Introduction Paediatrics, medical specialty dealing with the development and care of children and with the diagnosis and treatment of childhood diseases. The first important review of childhood illness, an anonymous European work called The Children’s Practice, dates from the 12th century. The specialized focus of paediatrics did not begin to emerge in Europe until the 18th century. The first specialized children’s hospitals, such as the London Foundling Hospital, established in 1745, were opened at this time. These hospitals later became major centres for training in paediatrics, which began to be taught as a separate discipline in medical schools by the middle of the 19th century.

The major focus of early pediatrics was the treatment of infectious diseases that affected children. Thomas Sydenham in Britain had led the way with the first accurate descriptions of measles, scarlet fever, and other diseases in the 17th century. Clinical studies of childhood diseases proliferated throughout the 18th and 19th centuries, culminating in one of the first modern textbooks of pediatrics, published by Frédéric Rilliet and Antoine Barthez in France in 1838–43, but there was little that could be done to cure these diseases until the end of the 19th century.

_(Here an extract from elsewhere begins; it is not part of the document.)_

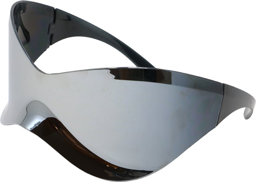 Ge din look en modern och djärv look med de här futuristiska spegelsolglasögonen. Den svarta ramen med silverspegeleffekt gör dessa glasögon idealiska för fester, festivaler eller slående street style.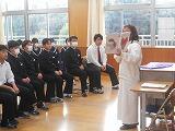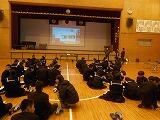 1月16日(火) 本日の6校時とTTの時間に、火災想定の「防災教室」を行いました。東児湯消防組合・都農分遣所から3名の方にお越し頂き、火災発生時の避難の仕方や注意点などについて学びました。また、煙中体験を行い、火災発生時の煙の怖さや行動の仕方などを実際に模擬体験しました。

As childhood diseases came under control through the combined efforts of pediatricians, immunologists, and public-health workers, the focus of pediatrics began to change, and early in the 20th century the first well-child clinics were established to monitor and study the normal growth and development of children. By the mid-20th century, the use of antibiotics and vaccines had all but eliminated most serious infectious diseases of childhood in the developed world, and infant and child mortality had fallen to the lowest levels ever. In the last half of the century, pediatrics again expanded to incorporate the study of behavioral and social as well as specifically medical aspects of child health.

The term psychiatry is gotten from the Greek words mind, signifying "brain" or "soul," and iatreia, signifying "mending." Until the eighteenth century, psychological instability was regularly seen as satanic belonging, however it steadily came to be considered as a disorder requiring treatment. Many adjudicator that cutting edge psychiatry was brought into the world with the endeavors of French doctor Philippe Pinel in the last part of the 1700s. His contemporary in the United States, legislator and doctor Benjamin Rush, presented a similar methodology. Maybe the main commitments to the field happened in the late nineteenth century, when German specialist Emil Kraepelin stressed a precise way to deal with mental conclusion and grouping and Austrian psychoanalyst Sigmund Freud, who knew about neuropathology, created analysis as a treatment and exploration approach [1-5].